Cell surface expression of xCT is regulated by the Akt signaling pathway

System x c − is a heterodimeric plasma membrane transporter, comprised of xCT and CD98, which plays a critical role in the maintenance of intracellular glutathione levels. We have previously demonstrated that the cell surface expression of xCT increases by nearly 2‐fold within 10 min of exposure of confluent U‐138MG human glioma cells to H 2 O 2 . In addition, we have shown that cell surface expression of xCT is higher in non‐confluent U138MG cultures than confluent cultures. In this study, we sought to determine if the Akt signaling pathway regulates xCT cell surface expression during oxidative stress and cell proliferation, since Akt activation is associated with H 2 O 2 exposure and cell proliferation in other cell types. In support of this hypothesis, we observed a significant increase in Akt phosphorylation in non‐confluent U138MG cells compared to confluent cultures and in confluent cells following a ten‐minute exposure to H 2 O 2 compared to vehicle‐treated confluent cells.
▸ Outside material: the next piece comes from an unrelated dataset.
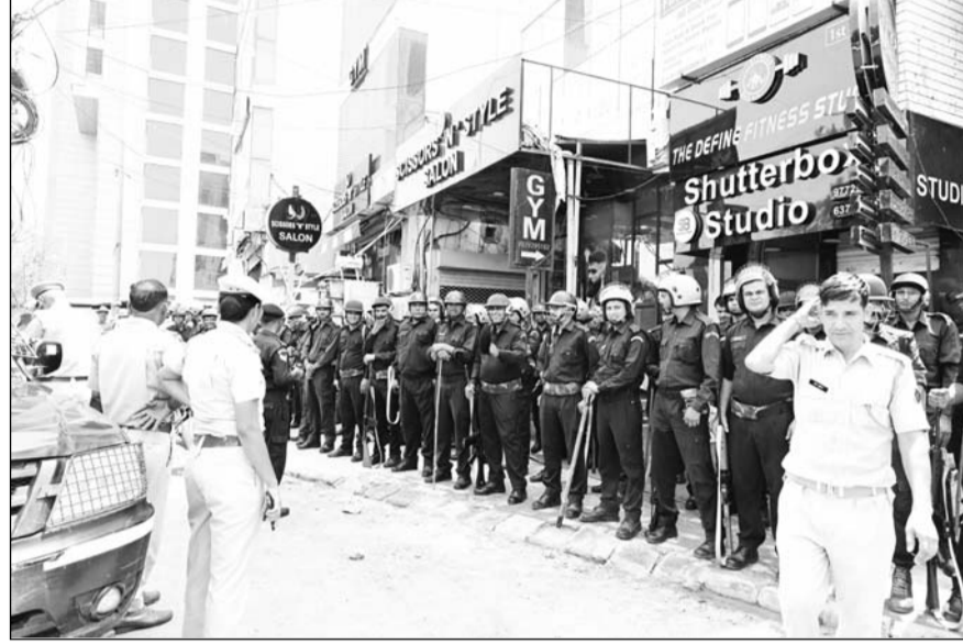
मालवीय नगर क्षेत्र में रविवार को पुलिस और आरएसी कंपनियों के जवानों ने फ्लैग मार्च निकाला। इसके साथ ही नंदपुरी क्षेत्र में बैरिकेड्स लगाकर रास्ते बंद कर दिए हैं।

Inhibition of Akt signaling with an Akt inhibitor cocktail or transfection with a dominant‐negative mutant of Akt prevented the H 2 O 2 ‐mediated trafficking of xCT to the membrane in confluent U138MG cells and decreased basal xCT membrane expression in non‐confluent cultures to those observed in confluent cultures. Thus, these data suggests that the cell surface expression of xCT is ultimately regulated by activation of the Akt signaling pathway.